Tuesday, 16 January 2018

Antiquities Market Kept Looking Licit by Silence on Collecting Histories?

Lynda Albertson in a recent post on the ARCA blog (IDs from the archives in the Michael Steinhardt and Phoenix Ancient Art seizures Posted: 16 Jan 2018) makes an interesting point about what really that  phrase the 'licit antiquities market' - much over-used in dealer and trade lobbyist circles - actually means in real terms:
It would be interesting to know, from the antiquities buyer's perspective, how many private investors of ancient art, having knowingly or unknowingly purchased illicit antiquities in the past only to later decide to facilitate a second round of laundering themselves, by culling the object from their collection and reselling the hot object on to another collector. By intentionally failing to disclose the name of a known tainted dealer these antiquities collectors avoid having to take any responsibility for the fact that they too have now become players in the game.

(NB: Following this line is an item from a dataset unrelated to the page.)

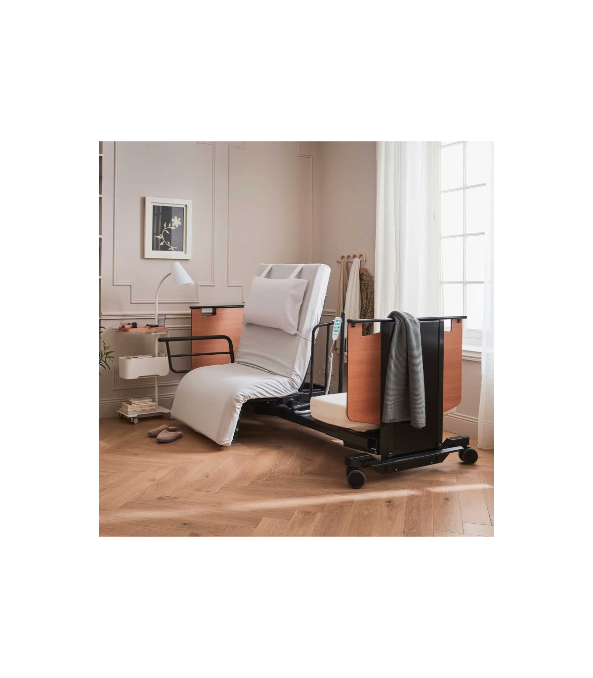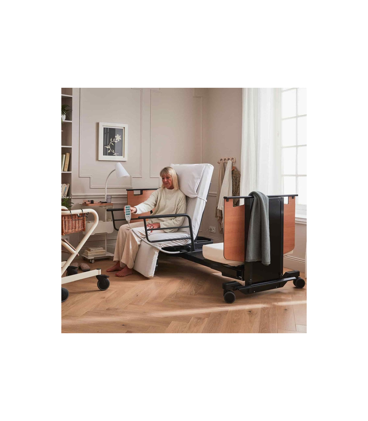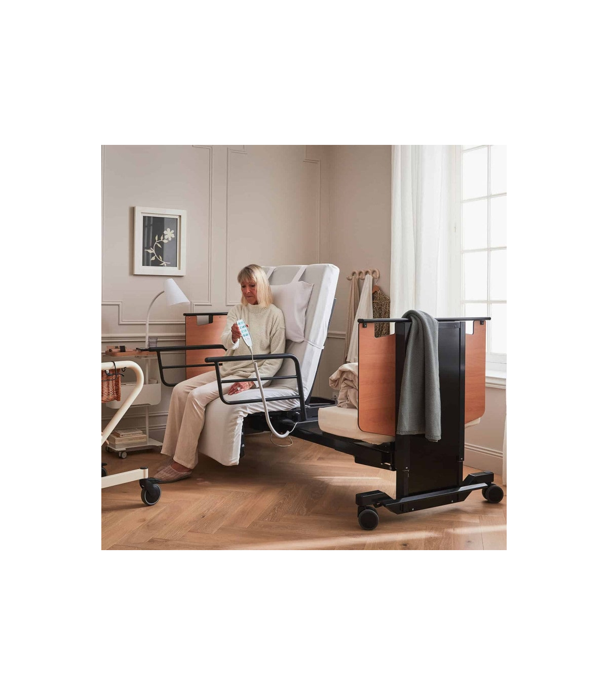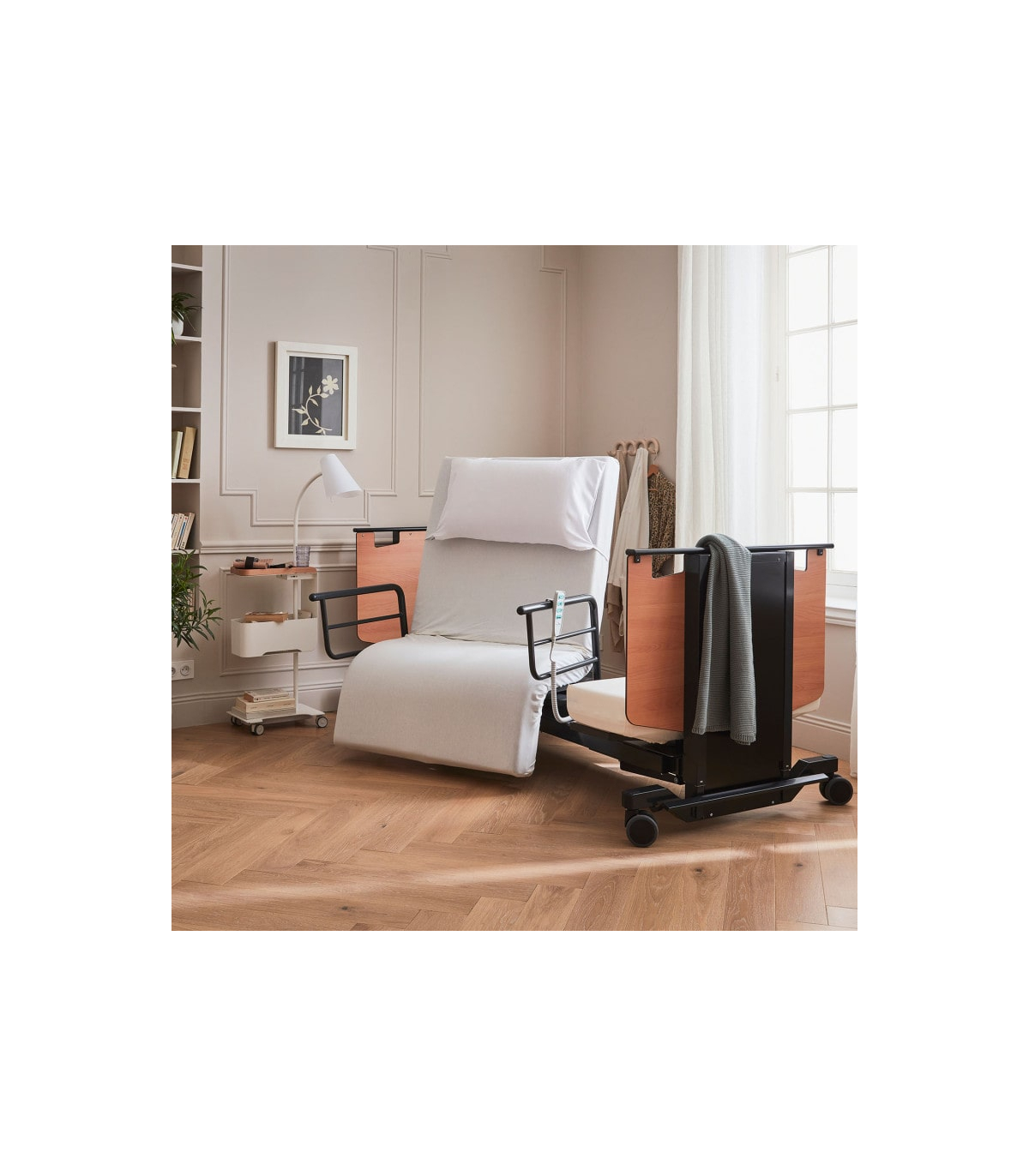 En complément de la rotation, le lit Orbit proposé à un prix attractif dispose d’une fonction de levage progressif de l’assise, idéale pour atteindre une position semi-debout. Ce mouvement accompagne naturellement le corps, offrant un appui stable pour rejoindre un fauteuil roulant ou une chaise sans effort ni douleur. Cette fonction favorise l’autonomie et renforce la sécurité des déplacements au quotidien.
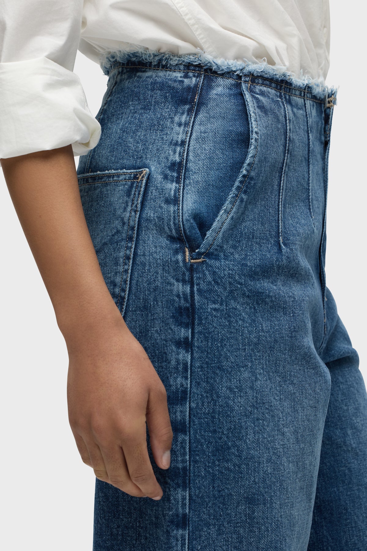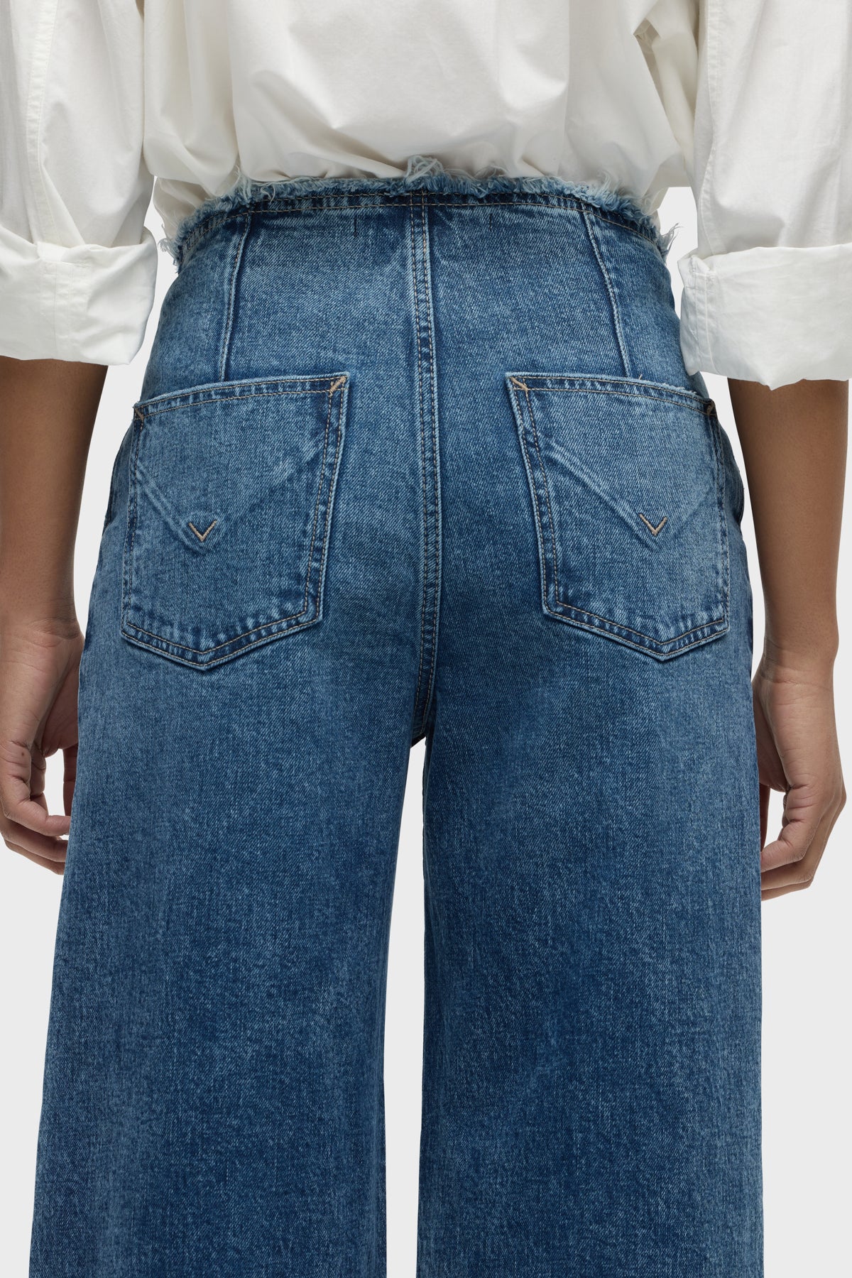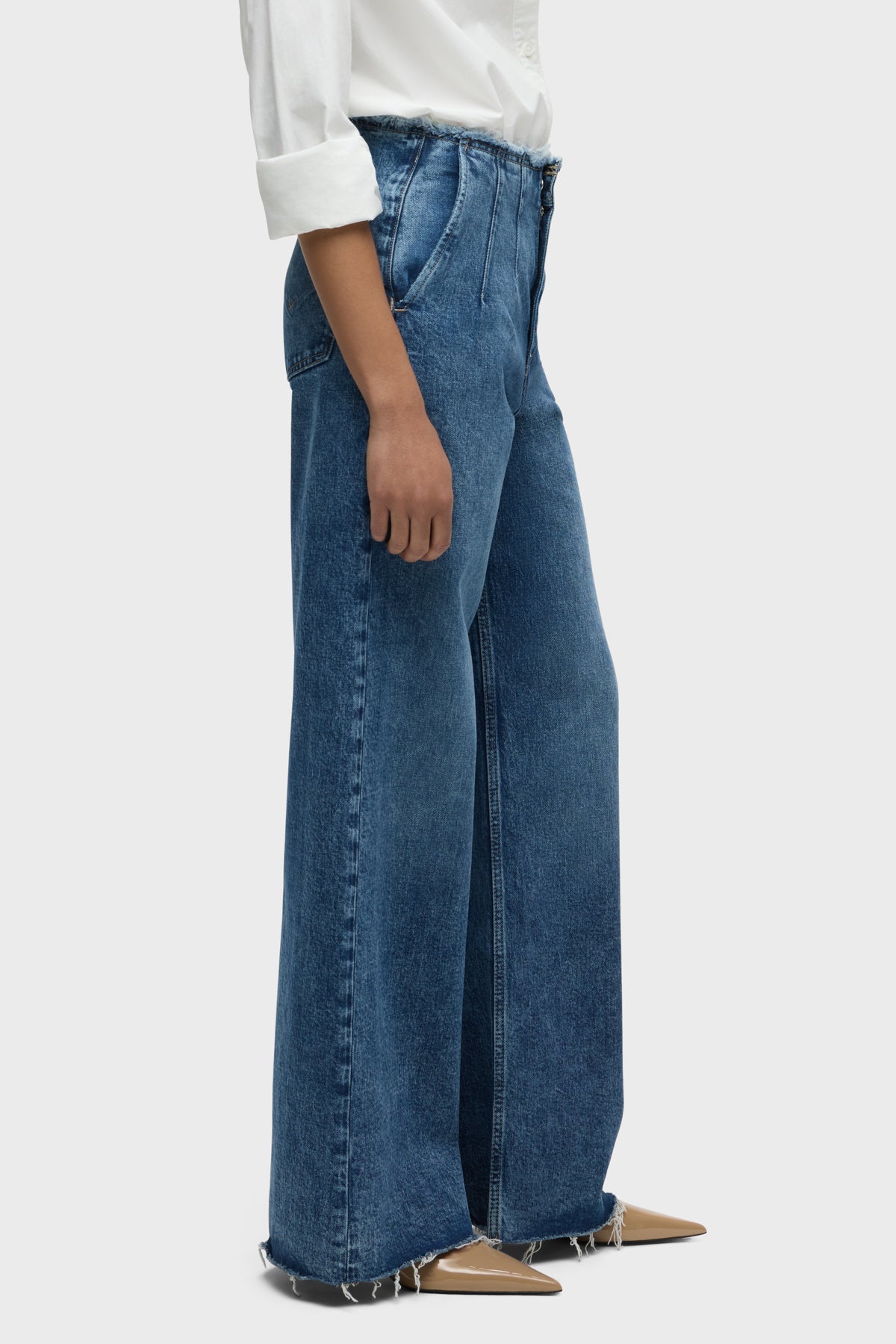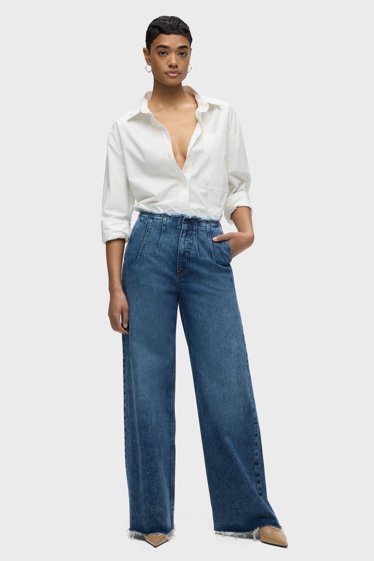 Our James High-Rise Darted Wide Leg Jean in medium-indigo Mallorca wash is cut from Italian premium comfort stretch denim with an elevated waist and wide leg. It's finished with front darts, a frayed-edge waistband, grinding along the edges, a raw hem and trouser pockets. -

While staying mum further facilitates the laundering of illicit antiquities, this option may be seen as far easier to collectors who have invested large sums into their collections than admitting they purchased something, unwisely or intentionally, with a less than pristine provenance pedigree. To admit to having bought something that potentially could be looted might bring about the loss of value to the asset. Furthermore by confirming that the antiquity has an illicit background as verified in these archives, would then render the object worthless on the licit art market.
Basically what that means is the pretence that a large part of the market in antiquities involves antiquities of licit origins involves a conspiracy of silence about those items where that status is in doubt.